У гостиницы честный извозчик попросил за поездку золотую десятку. Кунцевич хотел было сунуть ему в рыло, но ограничился тем, что сунул ему в руку два лея.
Извозчик уставился на монету, потом поднял глаза на Мечислава Николаевича:
— Надо бы на чаёк, барин.
— На чаёк пусть тебе Ермаков добавит.
По мнению авторов проштудированного накануне коллежским секретарём путеводителя, в Яссах можно было останавливаться только в «Бристоле», остальные гостиницы они называли ужасными. «Да-с… Если эта лучшая, то каковы худшие?» — подумал Кунцевич, войдя в тёмную, наполненную пылью и затхлым воздухом комнату, и брезгливо потрогав покрывало кровати. Но выбирать не приходилось. Он умылся, переменил сорочку и поспешил в полицейское управление.
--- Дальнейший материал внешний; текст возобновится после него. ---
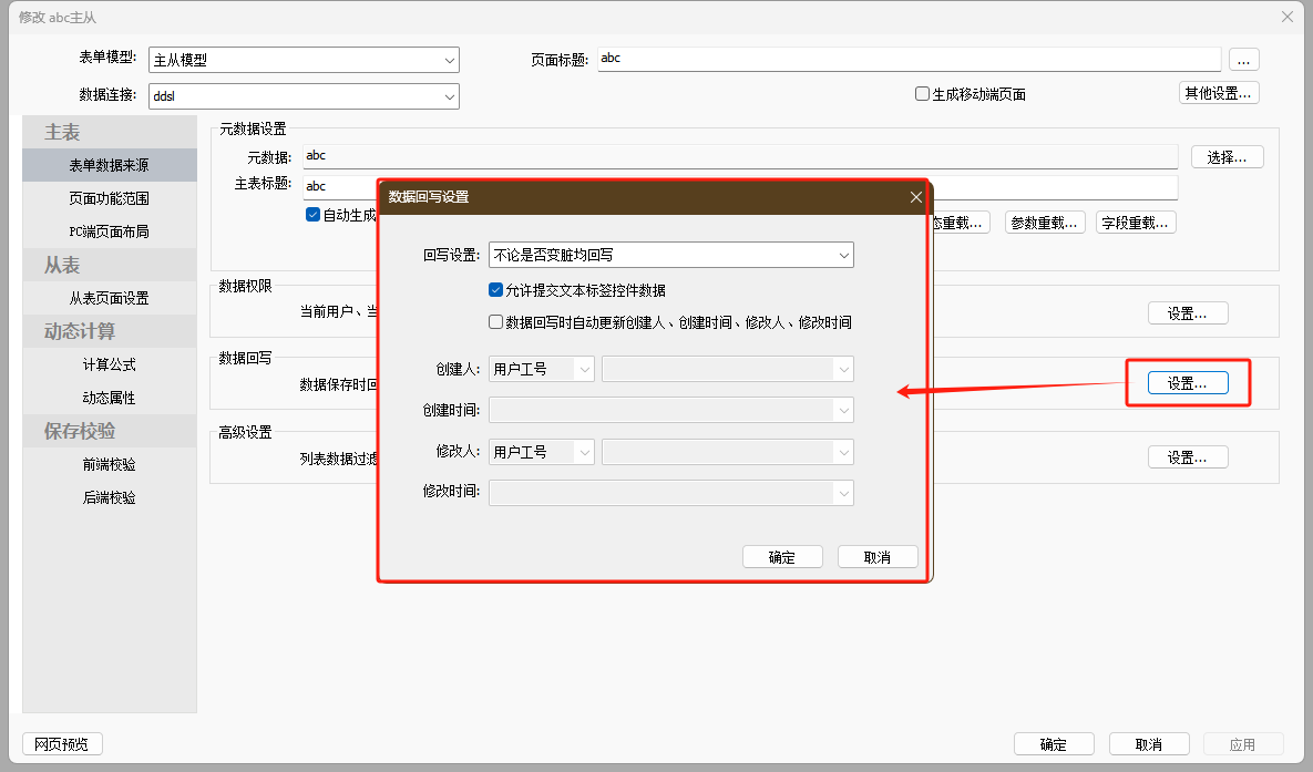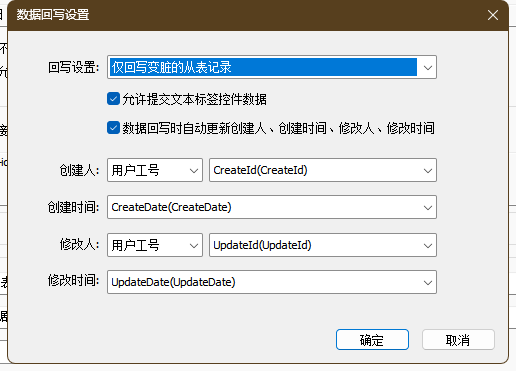 1、主表:【回写设置】下拉选项:①不论是否变脏均回写 ②仅变脏时回写

Дежурный по-французски едва говорил.
— Esti rus?[36] — после нескольких неудачных попыток объясниться сообразил румын.
— Уи, уи. — сказал Кунцевич.
— Stai, mă întorc imediat![37] — сказав эту непонятную фразу, полицейский удалился, оставив коллежского секретаря в полном замешательстве. Однако через несколько минут страж порядка вернулся с одетым в партикулярный костюм коренастым мужчиной, широкоскулое курносое лицо которое безошибочно указывало на великоросса.
— Буна сара, — поздоровался вновь пришедший и представился, — комиссар Зимун. Чем могу помочь?
По-русски мужчина говорил с заметным акцентом.
Узнав о цели визита российского гостя, комиссар пригласил следовать за собой и привёл коллежского секретаря в обширный кабинет префекта. Попросив немного обождать в приёмной, Зимун скрылся в кабинете и через пять минут пригласил туда Кунцевича.
Полицейские внимательно выслушали Мечислава Николаевич, а комиссар записал приметы встречавших Котова в свой блокнот. Такой приём обнадёжил коллежского секретаря, но как оказалось, его надежды были напрасны.
— Никаких бумаг к нам не поступало, — префект говорил на французском гораздо лучше дежурного. — Так что юридических оснований оказывать вам содействие мы не имеем. Более того, я обязан запретить вам вести дознание в Яссах.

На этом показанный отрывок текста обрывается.